The Silver Logie for Most Outstanding Factual or Documentary Program is an award presented annually at the Australian TV Week Logie Awards. The award is given to recognise an outstanding Australian factual, observational or documentary program. The winner and nominees of this award are chosen by television industry juries.

It was first awarded at the 7th Annual TV Week Logie Awards ceremony, held in 1965 as Best Documentary Series (1967, 1973-1974, 1976-1986). The award was renamed many times in subsequent ceremonies; Best Documentary (1966, 1969), Best Australian Documentary Series (1970), Best Documentary/Current Affairs Series 
(1971), Best Dramatised Documentary Series (1975). The nominees in the Best Documentary category were either single documentaries or documentary series. This award category was eliminated in 1968 and 1972.

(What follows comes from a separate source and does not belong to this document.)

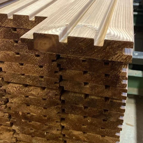 Suoraan höyläämöstä oksaton/vähäoksainen Rimapaneeli 15*95 kainuun mäntyä. 2€/m. Pituus 4800mm-5400m
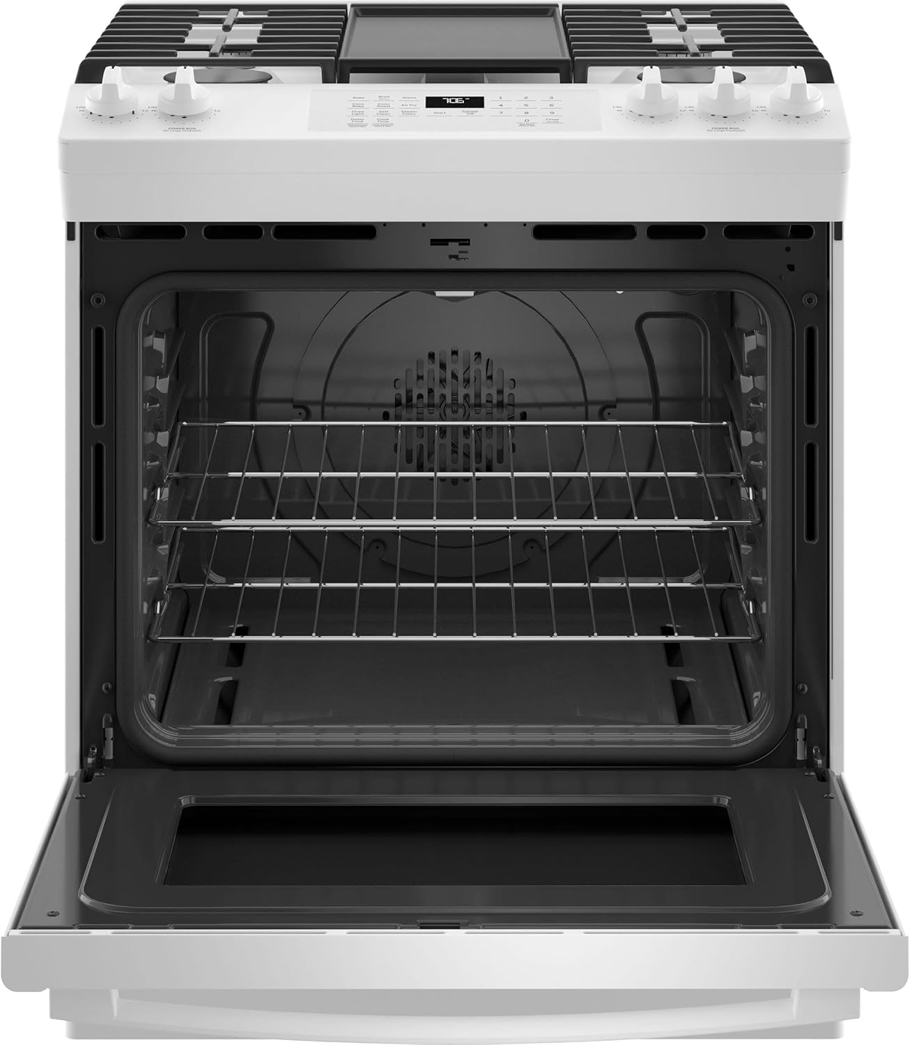 GE Appliances is your home for the best kitchen appliances, home products, parts and accessories, and support. No Preheat Air Fry Built-in WiFi Fit Guarantee Dimensions: 36 1/4 H x 30 W x 29 1/4 D No Preheat Air Fry Cook healthier, crispier versions of your favorite foods in less time, thanks to an air fryer right in your oven that doesn’t require preheating, a basket or a special tray Built-in WiFi This smart oven features built-in WiFi so you can control oven functions with the SmartHQ app on your smart device Play Video Fit Guarantee Replace your old 30” free-standing range with a new 30" slide-in model. GE slide-in ranges are guaranteed for an exact fit or GE Appliances will pay up to $300 toward modifications. See offer criteria and details Play Video Edge-to-edge cooktop A large cooking surface gives you extra room for pots and pans of all sizes and lets cookware move easily from burner to burner Extra-large integrated non-stick griddle Cook up to six grilled cheeses at once on the industry’s largest integrated griddle 18,000 BTU Power Boil burner Prepare your favorite pasta dishes faster by boiling water in less time Gas convection Evenly bake foods like roasts and cookies with this helpful feature that uses a fan to circulate heated air Play Video Self-clean with Steam Clean option Clean your oven the way you want 10,000 BTU oval burner Large oval fifth burner is ideal for griddle or odd-size cookware Play Video Heavy duty, dishwasher safe grates Easily and safely clean grates in the dishwasher or place in the bottom of the self-clean oven Precise Simmer burner Delicate foods don’t burn with low, even heat Play Video Use and Care Manual Installation Instructions Kitchen Safety Tips Quick Specs LP Conversion Kit CAD Files 3D CAD Files 2D Plan CAD Files 2D Elevation

At the 29th Annual TV Week Logie Awards in 1987, the industry voted awards for documentaries was renamed Most Outstanding Single Documentary or Documentary Series until 1993. It has also been known as Most Outstanding Documentary Single or Series (1994-1995), Most Outstanding Documentary (1996–1999, 2001, 2009), and Most Outstanding Documentary or Special Report in a Public Affairs Program (2000), Most Outstanding Documentary Series (2002-2006) and Most Outstanding Documentary or Documentary Series (2007-2008), Most Outstanding Factual Program (2010-2015). This award category was eliminated in 2016 and returned in 2017 as the Most Outstanding Factual or Documentary Program.

Winners and nominees

Listed below are the winners of the award for each year for Best Documentary Series.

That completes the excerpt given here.